Yawn.
I flipped on the TV this morning, and there was Rudy Giuliani, foaming at the mouth. Hizzoner the mayor, the post 9/11 publicity hound and griever in chief, and rebuilder in chief, no matter what the human cost. Spewing gossipy accusations as if the former prosecutor in chief had never heard the word "hearsay."
Kate Foster. A name I had never heard before. Hers was to be the next story, as soon as they wiped Rudy's spit off the camera lenses. A gymnast with a prosthetic leg, having lost her real one to disease only a few years earlier, a teenager who competes, against all odds and without complaint, in a system rigged, I suppose, in favor of athletes with all their limbs. Shame on all of us, but shame on everyone in this surreal political season who has cried foul when it appears they might not get their way.

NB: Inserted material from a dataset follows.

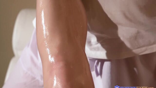During a holiday in Prague, Russian vixen Jessica Lincoln decides to visit the infamous SexyHub spa. The lucky brunette is paired up with masseur Steve for a sensual rub-down. As warm oil is massaged into her lovely body, little moans of pleasure escape Jessica's lips, especially when Steve caresses her little tits and perfect pussy. Encouraged by her obvious pleasure, the handsome Czech gets even more handsy with his client, giving her a rough finger-banging and pussy-licking. But Jessica wants even more! The insatiable Slav sticks her sweet ass into the air for a Doggystyle fuck, which has her cumming with every thrust of Steve's thick cock.

I watched the segment in amazement, this talented young girl who had lost one of the indispensable tools of her trade, never mind the years of debilitating treatment she had to endure, never mind the devastation and fear that we, as parents, don't want to imagine. With the help of a coach who never, for a moment, viewed the loss of a leg as a deal breaker, Kate Foster seems to live life, on the mat and off, with a grace I only wish I could approach when I drag my aging ass out of bed in the morning.
Yawn. The Kate segment ended quickly, and the pundits reappeared. At least Rudy was gone. No shortage, though, of video clips of the Oompa-Loompa in chief -- calling names, hurling insults, reading scripted endorsements as if they were written in Arabic and periodically ad libbing with the small handful of adjectives in his vocabulary -- incredible, terrific, disgraceful, crooked.

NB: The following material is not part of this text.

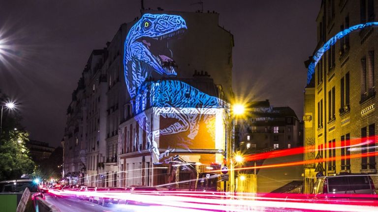 /КРОСС/ Художникът Жулиен Нонон влага съвсем нов смисъл в израза "Градът на светлините". Той използва вградена система за видеопрожекции, позволяваща му да украсява фасадите на сградите с огромни холограми на динозаври. Сред тях са добре познати видове като Tyrannosaurus Rex, Triceratops и Brontosaurus.

Yawn, yes, but we cannot seem to get enough. And as much as the rational pieces of us push away the nastiness and the hate and the fear mongering, it has permeated our collective psyche and made us angry and has certainly made us forget about the things that matter.
Life isn't fair. If I hadn't known that before, I certainly grasped it in January, when a young man I had watched grow up simply died, without warning, at twenty-seven. Nobody was driving while distracted, nobody was shooting up a club with an assault rifle. His heart failed him, and this young man who traveled the world and loved life and who quietly inspired so many in his short life by working hard and doing good things and appreciating his good fortune and always, always, paying it forward was taken. Had the system been rigged, we would have expected somebody like Adam to live forever.
Had his heart problem been discovered, he might have lived, with some limitations. His activity level might have been curtailed. But, like Kate Foster, the one-legged gymnast, he would have persevered and he would have prospered and he would never have dwelt on the unfairness of it all. Even with a defective heart, Adam would have been as big hearted as ever. He would have shaken his head in disbelief at the spectacle that is American politics this year. Still, he would have believed the world is a good place.
I like to think that Kate and Adam -- and their parents -- are the rule, not the exception, and that the Oompa-Loompa's will soon fade back into fiction. Yawn. It's getting really old.